■ **DATA EXCERPT**:
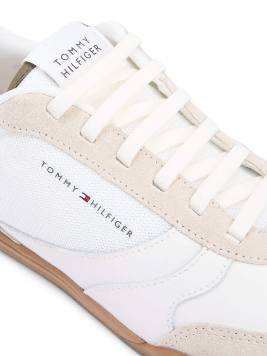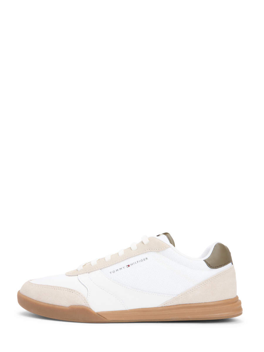 Leather court sneaker with contrast panels
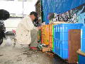| ダイコンが2ケース、ミズナが4ケースです。さらに花屋で貰った苗が2ケースです。野菜は洗ってからトラックに積みました。葉物(ミズナ)は一度水に浸しておけば、しおれることはありません。なんと優しい福井さんでしょう。 | ![]() |
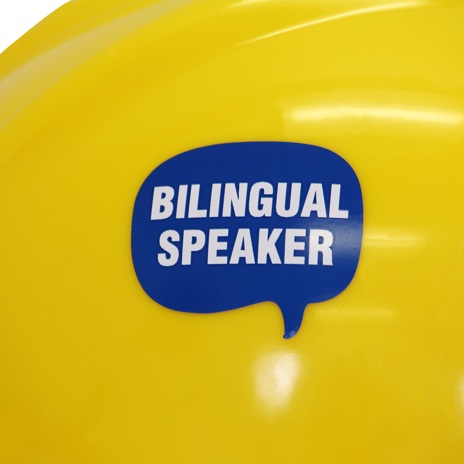 Don't let language become a barrier in safety. Encourage people to speak, raise their doubts, and discuss safety matters in your organization, irrespective of which language they speak—English or Spanish. This 'Bilingual Speaker' hard hat sticker clearly identifies those who understand and speak both the languages well.

■ **EXERCISE OBJECTIVE**: Word for word, reproduce the material above and omit each image.

■ **YOUR RESPONSE**:
 Leather court sneaker with contrast panels
| ダイコンが2ケース、ミズナが4ケースです。さらに花屋で貰った苗が2ケースです。野菜は洗ってからトラックに積みました。葉物(ミズナ)は一度水に浸しておけば、しおれることはありません。なんと優しい福井さんでしょう。 | ![]() |
 Don't let language become a barrier in safety. Encourage people to speak, raise their doubts, and discuss safety matters in your organization, irrespective of which language they speak—English or Spanish. This 'Bilingual Speaker' hard hat sticker clearly identifies those who understand and speak both the languages well.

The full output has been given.